Strona:Kazimierz Przerwa-Tetmajer - Maryna z Hrubego.djvu/123

Ta strona została uwierzytelniona.

A kiedy już mieli »tę nockę spokojną«,
pytali się, pytali się
o dziewcyne strojną«...
Beata Herburtówna...
Żali sen?...
Kędyś, gdzieś ogród kwietniowem wczesnem ciepłem pachnący... dawno... daleko... Uścisk — uścisk promienny...
Sieniawski, Sulnicki, Korecka księżna, wojewoda...
Pożar Zagorzelic, łuna...
Królowej Cecylii Renaty dwór... bale dworskie... uczty... psoty paziowskie...
Poniewierka, głody, niedostatki...
Żali sen?
Ah! ten słodki, ten cudowny, ten niebiański uścisk nadziemskiej iście rozkoszy...

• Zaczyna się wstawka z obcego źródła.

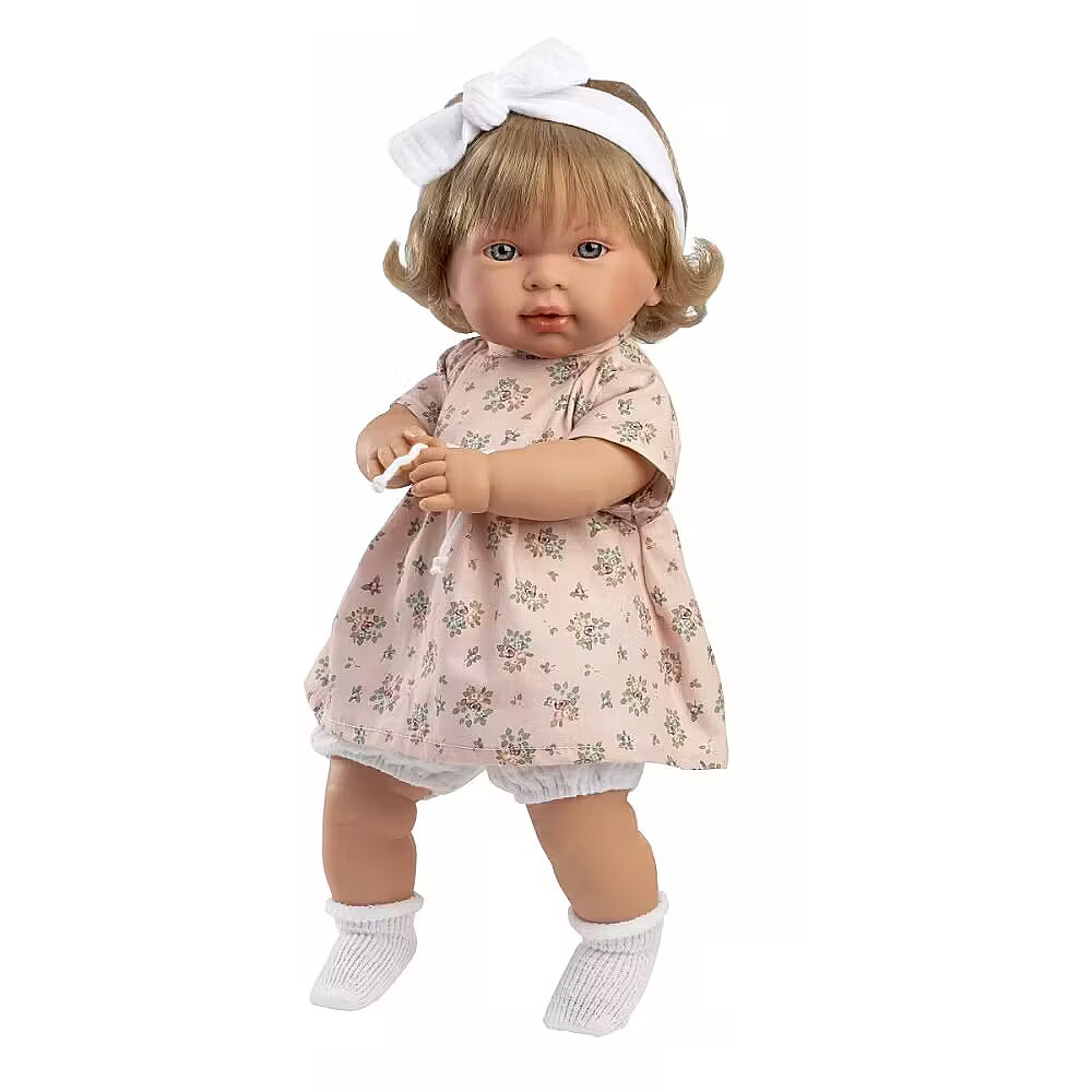 Description - Llorens 42164 Crying Doll 42 cm - Carla Handmade Llorens dolls are crafted with meticulous attention to detail. Delicately highlighted features, shading, beautiful eyelashes, and expressive eyes. Made from the highest quality materials, each doll comes to life and gains character in the hands of its creator. Their outfits are made from organic cotton, wool, and recycled materials. This makes it the perfect gift for your child, combining both educational and playful value. Handmade in Spain with love. Name: Carla Height: 42 cm Materials: Cotton body, vinyl arms, legs, and head Includes: Four-piece outfit and pacifier Features: Cries when pacifier is removed Batteries included: LR-44

Wtem stanęła przed nim Maryna z Hrubego.
— Panie — rzekła — przysłał mnie brat Sobek ze dwoma ludziami, sam w tym tyźniu haw z tysiące ludzi bedzie.
Przypatrzył się jej Kostka zamgławionemi marzeniem oczyma. Wspaniale stała.
— A ty co? — spytał. — Chcesz tu zostać?
— Fcem.
— Po co?
— Ja do wojny pudem.
— Bić się?
— Haj.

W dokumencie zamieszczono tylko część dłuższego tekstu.